No, that’s fine actually. You can totally do that. The memory layout lines up, so the port number is in the same location no matter which of the pointer types you access it through. The issue is with copying data from target_info->ai_addr to a sockaddr. The ai_addr struct member is, on paper, of type (struct sockaddr *). Says so right in the documentation. In reality, it points to either a struct sockaddr_in or a struct sockaddr_in6 depending on the address family. The sockaddr struct isn’t actually big enough to hold an IPv6 address. So, even though that’s the type used in the addrinfo declaration, actually using it that way will truncate IPv6 addresses. If I was passing on ai_addr directly, instead of messing with the contents to scan multiple ports without multiple hostname resolutions, I wouldn’t have even noticed this.

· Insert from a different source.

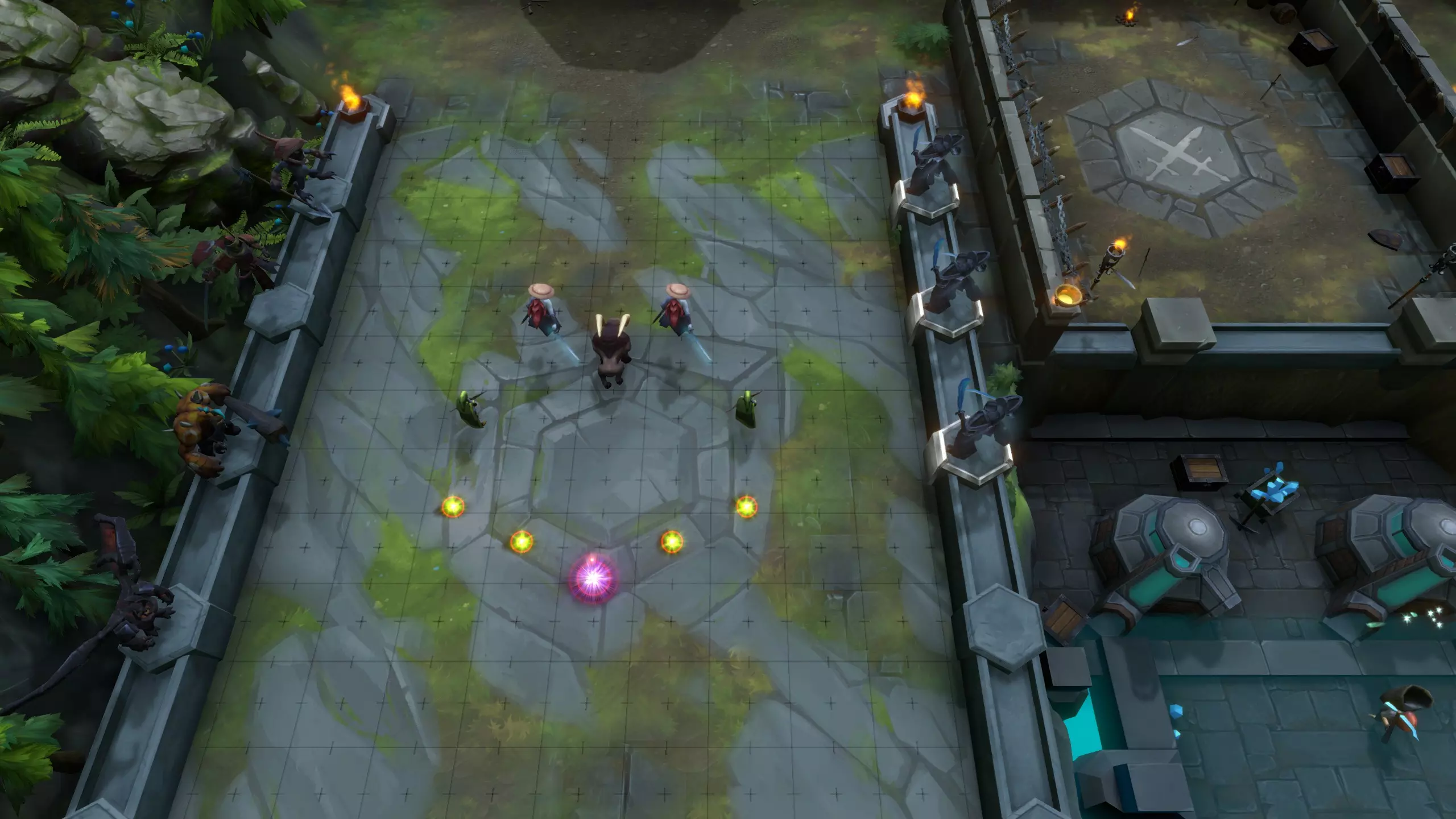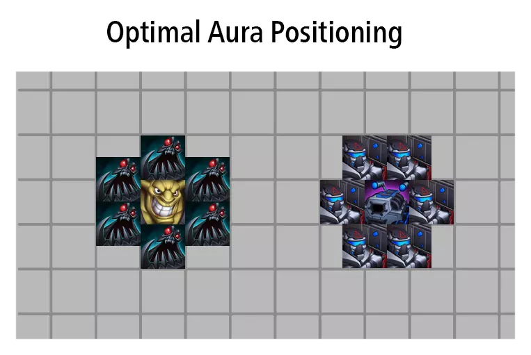 在后方。构建一个坦克和输出(DPS)的合理组合。 按每个斗士的坦度比例大致分配他们承受的伤害量。让拥有3000生命值的斗士比1000生命值的斗士先承受伤害是好的,但让3000生命值的斗士承受75%的波次伤害,同时让1000生命值的斗士承受25%的波次伤害会更好。这样做能最大限度延长你的斗士存活和造成伤害的时间。实现这一点的一种方法是分散部署你的斗士,在左侧和右侧各建造一些。 大多数光环最多影响6个相邻的斗士单位。光环效果将在整个战斗中持续作用于这6个斗士,即使光环单位距离很远或已死亡。

The corrected code is arguably nicer, too:

static void *scan_port(void *a) {
  struct ScanThreadArgs *args = (struct ScanThreadArgs *)a;
  struct addrinfo *target_info = args->target_info;
  unsigned short port = args->port;
  enum PortState *destination = args->destination;

  /* Copy address to correct format, set port. */
  
  void *new_addr = NULL;
  if (target_info->ai_family == AF_INET) {
    struct sockaddr_in new_addr4;
    new_addr4 = *((struct sockaddr_in*)(target_info->ai_addr));
    new_addr4.sin_port = htons(port);
    new_addr = &new_addr4;
  }

  else {
    struct sockaddr_in6 new_addr6;
    new_addr6 = *((struct sockaddr_in6*)(target_info->ai_addr));
    new_addr6.sin6_port = htons(port);
    new_addr = &new_addr6;
  }
...

Well. That wasn’t so bad. Right, moving on! Except we’re not, because that code has a problem. When compiled without optimisation flags it works fine. Turn on the optimiser, though, and nasal demons are unleashed. Rookie mistake! Spot the difference:

static void *scan_port(void *a) {
  struct ScanThreadArgs *args = (struct ScanThreadArgs *)a;
  struct addrinfo *target_info = args->target_info;
  unsigned short port = args->port;
  enum PortState *destination = args->destination;

  /* Copy address to correct format, set port. */
  
  void *new_addr = NULL;
  struct sockaddr_in new_addr4;
  struct sockaddr_in6 new_addr6;
  if (target_info->ai_family == AF_INET) {
    new_addr4 = *(struct sockaddr_in *)(target_info->ai_addr);
    new_addr4.sin_port = htons(port);
    new_addr = &new_addr4;
  }

  else {
    new_addr6 = *(struct sockaddr_in6 *)(target_info->ai_addr);
    new_addr6.sin6_port = htons(port); new_addr = &new_addr6;
  }
...

I declared new_addr4 and new_addr6 inside a block, leaving them to go out of scope with new_addr still pointing to the address one of them occupied, thus ruining my evening. I was so convinced the problem was something much more esoteric that at one point I was combing through the assembly in a sleep-deprived haze. Turns out the problem was boring and stupid. Truly the quintessential C experience.

Let’s Get Outta Here

So, okay, that thing with the type punning was pretty bad, and admittedly it wouldn’t have happened had I been using a… No, wait, what am I saying? What am I gonna do, write Python from now on? Fat chance. I’ve learned nothing. C forever!